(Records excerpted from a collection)
+ + + +
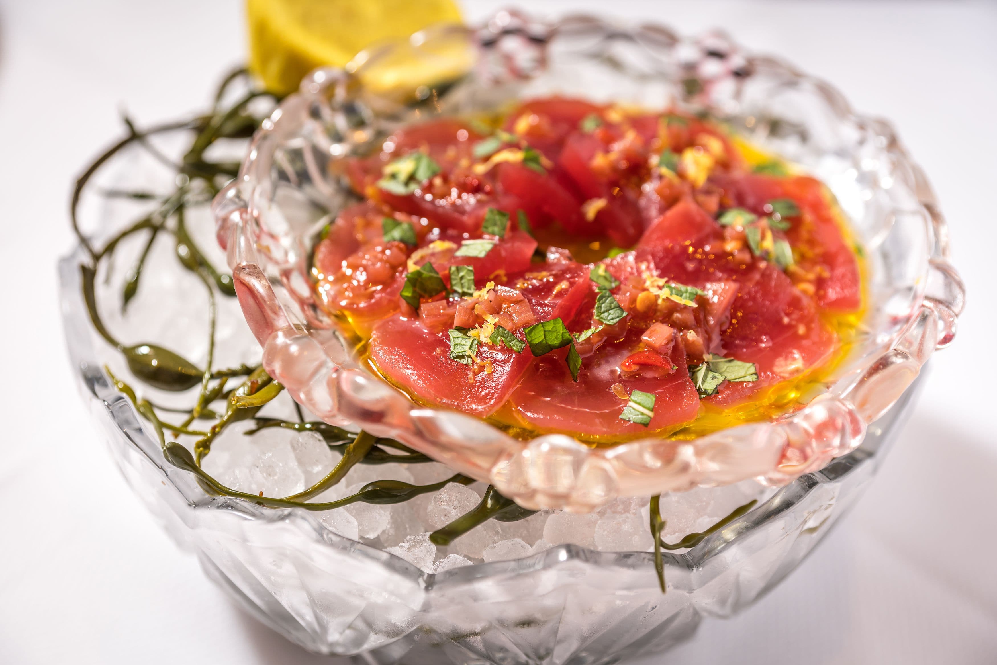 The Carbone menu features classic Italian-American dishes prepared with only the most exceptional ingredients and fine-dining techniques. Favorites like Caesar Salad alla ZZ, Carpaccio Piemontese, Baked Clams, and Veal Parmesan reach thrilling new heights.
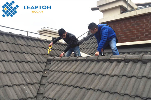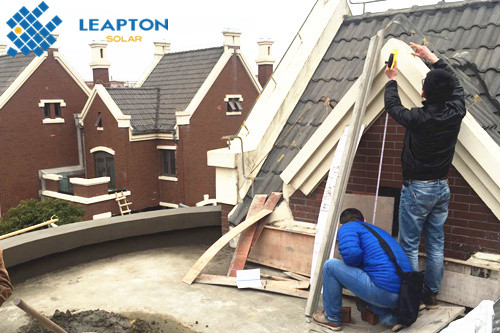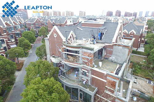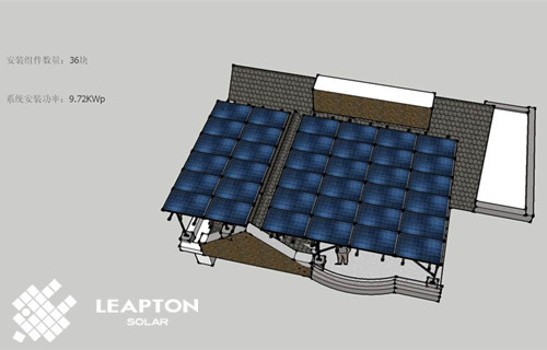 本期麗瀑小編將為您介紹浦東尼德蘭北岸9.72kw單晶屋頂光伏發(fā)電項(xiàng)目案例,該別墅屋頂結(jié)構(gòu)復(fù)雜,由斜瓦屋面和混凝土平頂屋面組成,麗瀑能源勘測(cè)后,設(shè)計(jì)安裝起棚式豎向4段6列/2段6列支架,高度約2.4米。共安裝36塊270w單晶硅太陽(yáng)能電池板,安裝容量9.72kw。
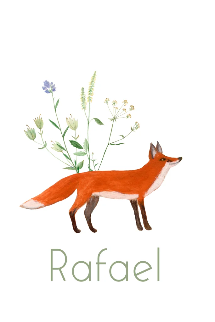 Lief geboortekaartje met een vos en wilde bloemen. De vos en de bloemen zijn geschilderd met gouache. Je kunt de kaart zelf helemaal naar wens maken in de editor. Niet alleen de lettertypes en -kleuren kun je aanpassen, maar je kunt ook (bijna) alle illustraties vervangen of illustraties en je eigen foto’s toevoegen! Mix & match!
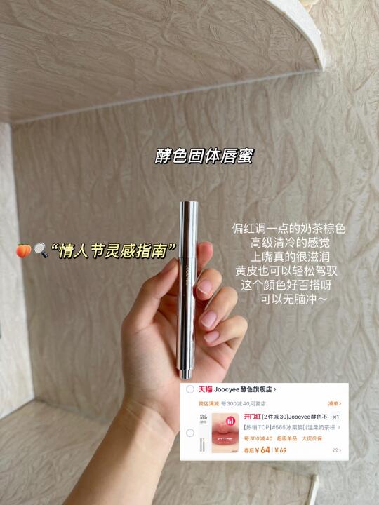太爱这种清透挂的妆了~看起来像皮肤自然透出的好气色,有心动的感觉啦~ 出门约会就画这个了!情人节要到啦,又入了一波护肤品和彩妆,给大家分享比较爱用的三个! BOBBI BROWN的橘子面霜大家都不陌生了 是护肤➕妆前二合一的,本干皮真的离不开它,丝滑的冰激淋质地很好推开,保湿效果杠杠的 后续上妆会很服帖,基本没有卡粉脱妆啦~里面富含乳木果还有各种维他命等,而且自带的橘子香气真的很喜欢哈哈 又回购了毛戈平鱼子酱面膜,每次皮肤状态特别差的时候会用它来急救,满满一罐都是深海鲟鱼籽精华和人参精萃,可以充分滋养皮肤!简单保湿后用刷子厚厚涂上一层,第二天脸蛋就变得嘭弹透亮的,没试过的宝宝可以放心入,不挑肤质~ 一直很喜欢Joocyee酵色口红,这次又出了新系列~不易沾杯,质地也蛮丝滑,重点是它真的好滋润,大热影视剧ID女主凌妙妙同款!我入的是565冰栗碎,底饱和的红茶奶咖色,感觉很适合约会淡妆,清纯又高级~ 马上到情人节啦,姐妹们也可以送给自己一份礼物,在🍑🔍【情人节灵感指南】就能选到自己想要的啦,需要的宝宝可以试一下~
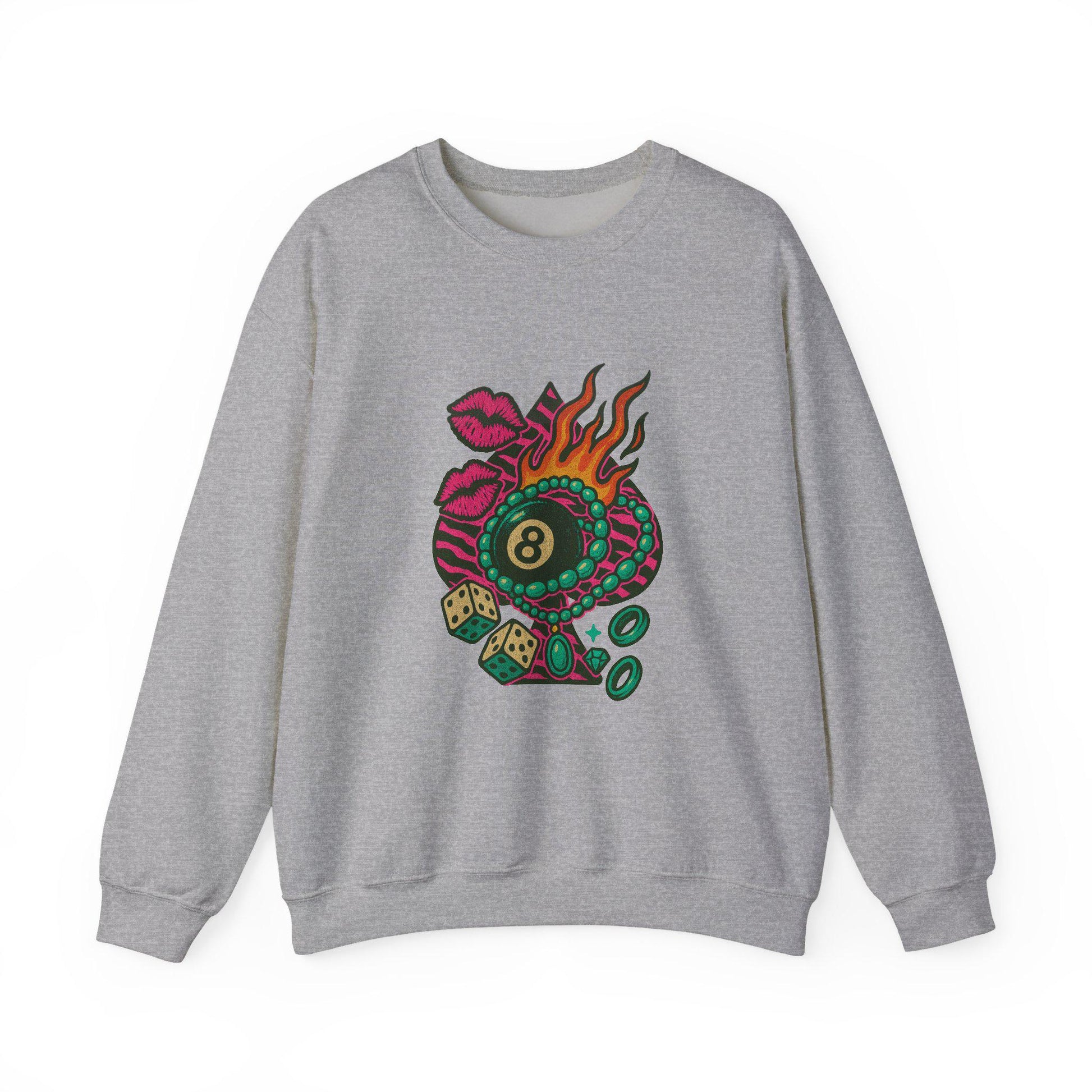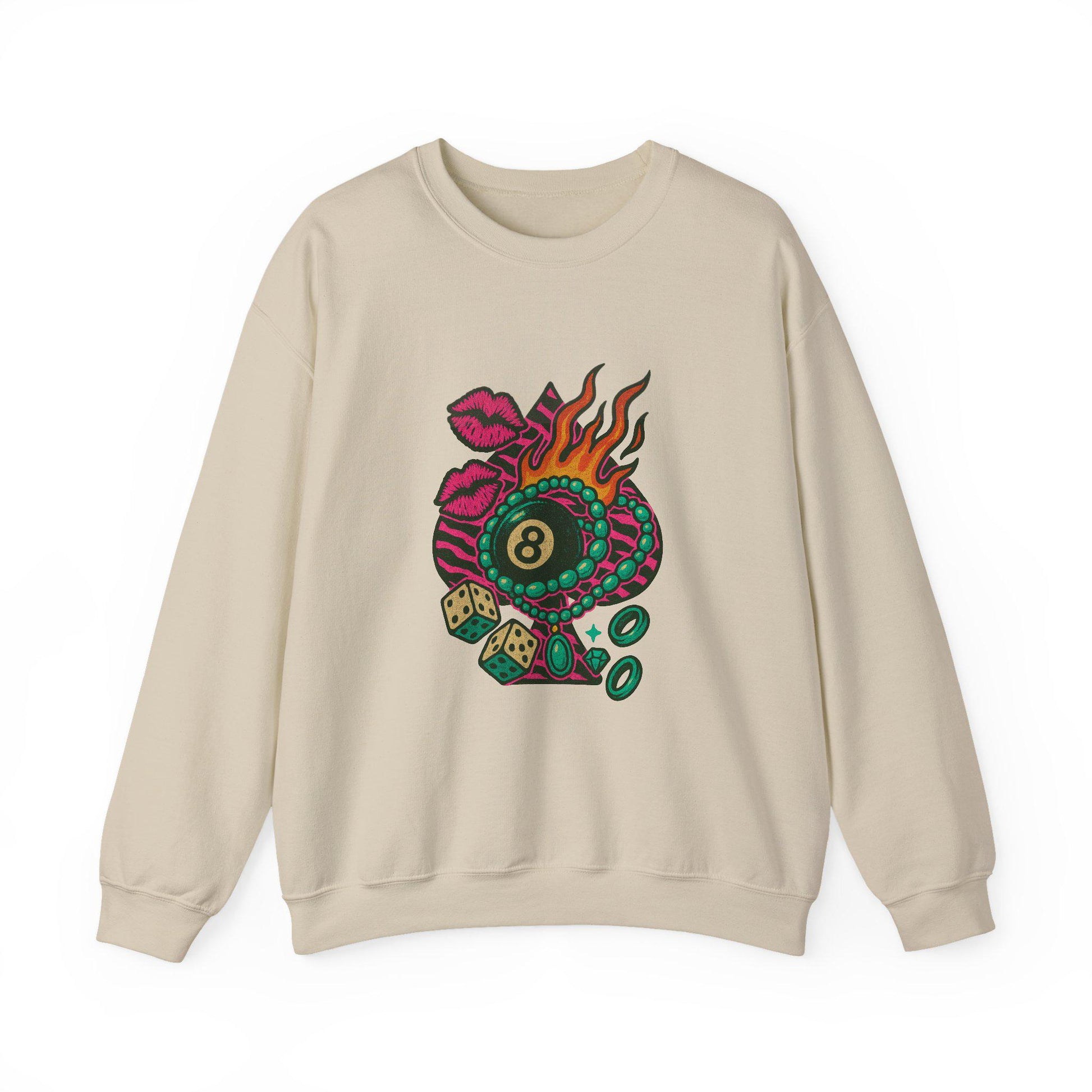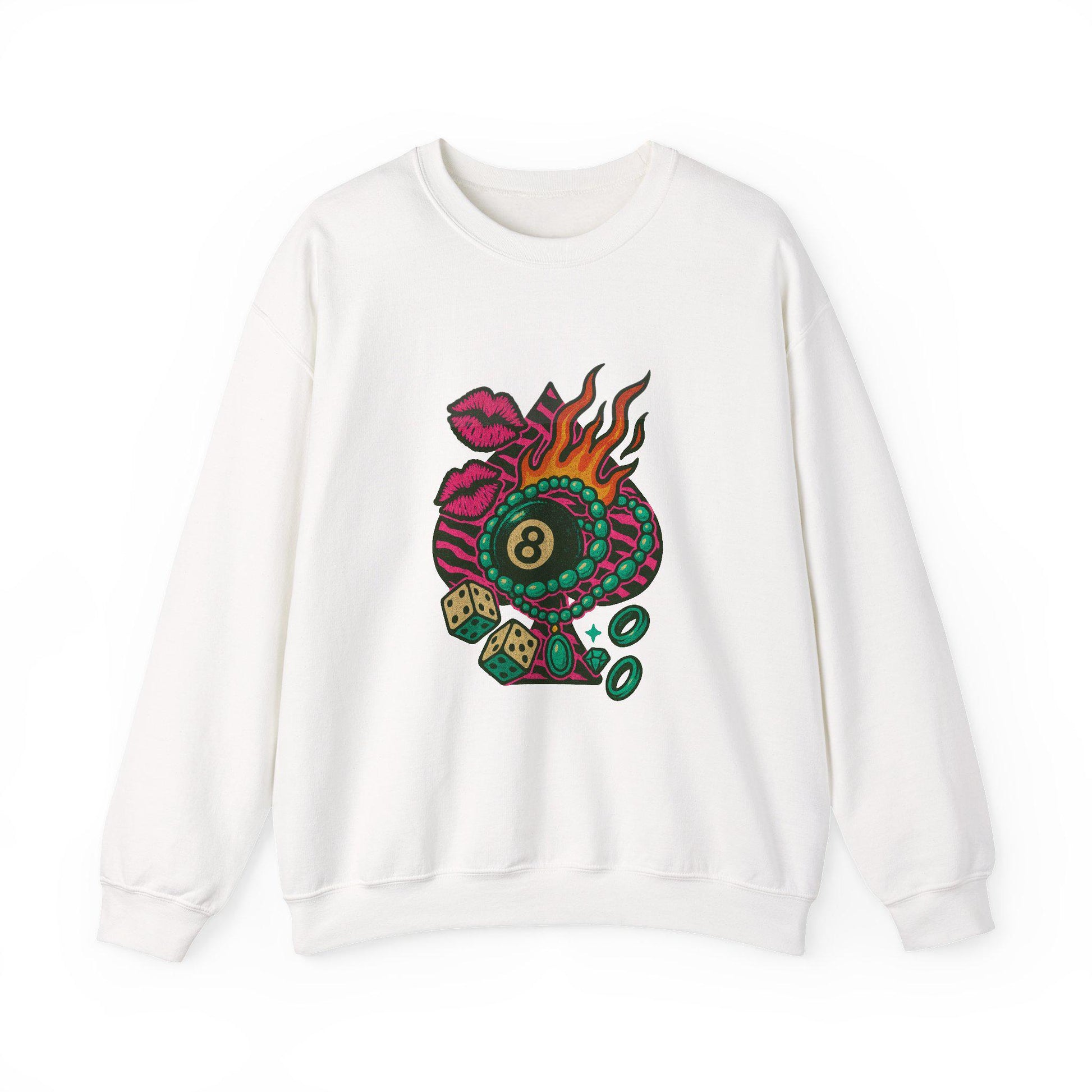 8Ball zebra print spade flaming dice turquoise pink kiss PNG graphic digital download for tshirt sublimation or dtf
+ + + +
▶ [WHAT YOU ARE ASKED TO DO]
Your job is to transcribe the records exactly and in full. Pictures are not part of the copy.

▶ [WRITTEN ANSWER]
 The Carbone menu features classic Italian-American dishes prepared with only the most exceptional ingredients and fine-dining techniques. Favorites like Caesar Salad alla ZZ, Carpaccio Piemontese, Baked Clams, and Veal Parmesan reach thrilling new heights.
 本期麗瀑小編將為您介紹浦東尼德蘭北岸9.72kw單晶屋頂光伏發(fā)電項(xiàng)目案例,該別墅屋頂結(jié)構(gòu)復(fù)雜,由斜瓦屋面和混凝土平頂屋面組成,麗瀑能源勘測(cè)后,設(shè)計(jì)安裝起棚式豎向4段6列/2段6列支架,高度約2.4米。共安裝36塊270w單晶硅太陽(yáng)能電池板,安裝容量9.72kw。
 Lief geboortekaartje met een vos en wilde bloemen. De vos en de bloemen zijn geschilderd met gouache. Je kunt de kaart zelf helemaal naar wens maken in de editor. Niet alleen de lettertypes en -kleuren kun je aanpassen, maar je kunt ook (bijna) alle illustraties vervangen of illustraties en je eigen foto’s toevoegen! Mix & match!
太爱这种清透挂的妆了~看起来像皮肤自然透出的好气色,有心动的感觉啦~ 出门约会就画这个了!情人节要到啦,又入了一波护肤品和彩妆,给大家分享比较爱用的三个! BOBBI BROWN的橘子面霜大家都不陌生了 是护肤➕妆前二合一的,本干皮真的离不开它,丝滑的冰激淋质地很好推开,保湿效果杠杠的 后续上妆会很服帖,基本没有卡粉脱妆啦~里面富含乳木果还有各种维他命等,而且自带的橘子香气真的很喜欢哈哈 又回购了毛戈平鱼子酱面膜,每次皮肤状态特别差的时候会用它来急救,满满一罐都是深海鲟鱼籽精华和人参精萃,可以充分滋养皮肤!简单保湿后用刷子厚厚涂上一层,第二天脸蛋就变得嘭弹透亮的,没试过的宝宝可以放心入,不挑肤质~ 一直很喜欢Joocyee酵色口红,这次又出了新系列~不易沾杯,质地也蛮丝滑,重点是它真的好滋润,大热影视剧ID女主凌妙妙同款!我入的是565冰栗碎,底饱和的红茶奶咖色,感觉很适合约会淡妆,清纯又高级~ 马上到情人节啦,姐妹们也可以送给自己一份礼物,在🍑🔍【情人节灵感指南】就能选到自己想要的啦,需要的宝宝可以试一下~
 8Ball zebra print spade flaming dice turquoise pink kiss PNG graphic digital download for tshirt sublimation or dtf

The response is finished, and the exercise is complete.